In the context of this exercise, we examine helium, carbon monoxide, and carbon dioxide. Their molar masses are respectively:

• Helium (He): \(4.00\text{ g/mol} \)
• Carbon monoxide (CO): \(28.01\text{ g/mol} \)
• Carbon dioxide (CO2): \(44.01\text{ g/mol} \)

When applying Graham's Law, these values help determine how fast each gas effuses through the small hole. Because helium is much lighter than CO and CO\(_2\), it tends to effuse more quickly.
Understanding molar masses helps set up the equation necessary to solve for the volume percentages of gas mixtures, enabling us to substitute them appropriately into the ratio formula derived from effusion rates.
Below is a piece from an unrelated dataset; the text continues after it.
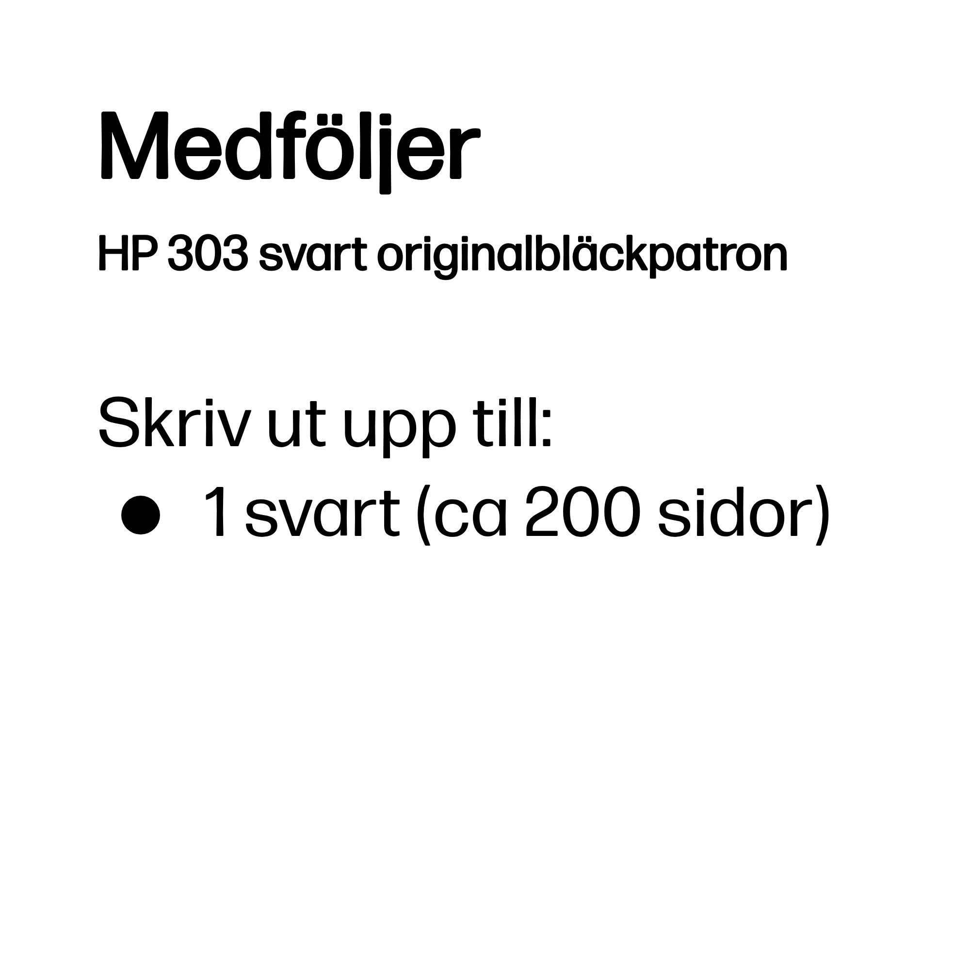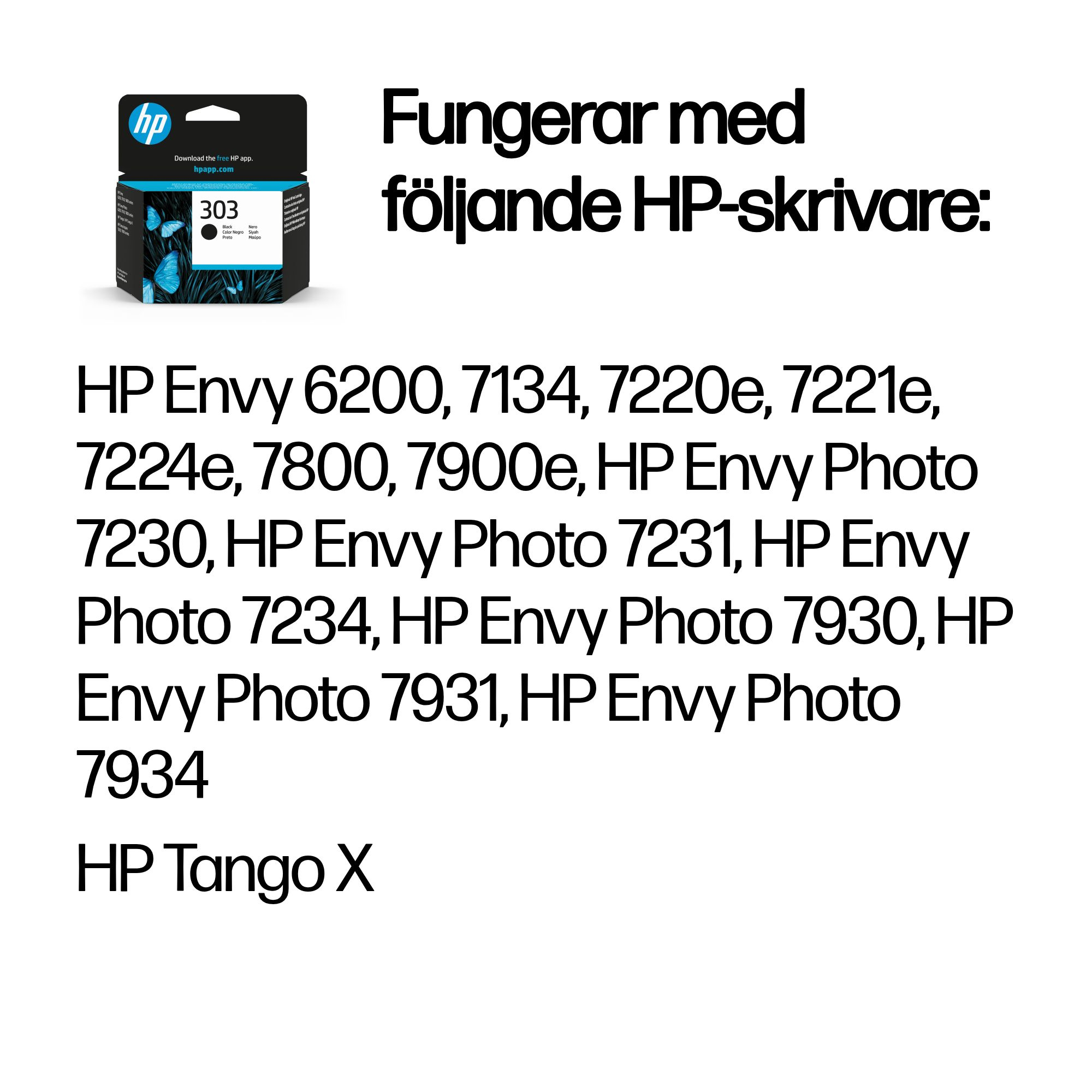 | Kompatibilitet | HP 303-bläckpatroner fungerar med: HP Envy 6200, 7134, 7220e, 7221e, 7224e, 7800, 7900e, HP Envy Photo 7230, HP Envy Photo 7231, HP Envy Photo 7234, HP Envy Photo 7930, HP Envy Photo 7931, HP Envy Photo 7934 HP Tango X |

Volume percent composition is a useful metric to express concentrations of different components in a gas mixture, typically given in percentages. It indicates how much of the total volume each gas occupies in a mixture.
In problems involving effusion and gas mixtures, Graham's Law allows us to determine these percentages by comparing effusion rates and molar masses. An equation can be set up such that:
\[ \frac{1}{\sqrt{M}} = \text{effusion ratio} \]
Given that \(x\) is the volume percent of CO, the remaining percentage \((1-x)\) represents the volume percent of CO2. The formula derived from the effusion rates enables us to solve for \(x\):

• Equation: \( \frac{1}{\sqrt{(x \cdot 28.01) + ((1-x) \cdot 44.01)}} = 2.97 \)

Evaluating this, we find that CO contributes to about 61.6% of the mixture, demonstrating how Graham's Law provides insights into both effusion and the composition of gas mixtures in terms of volume.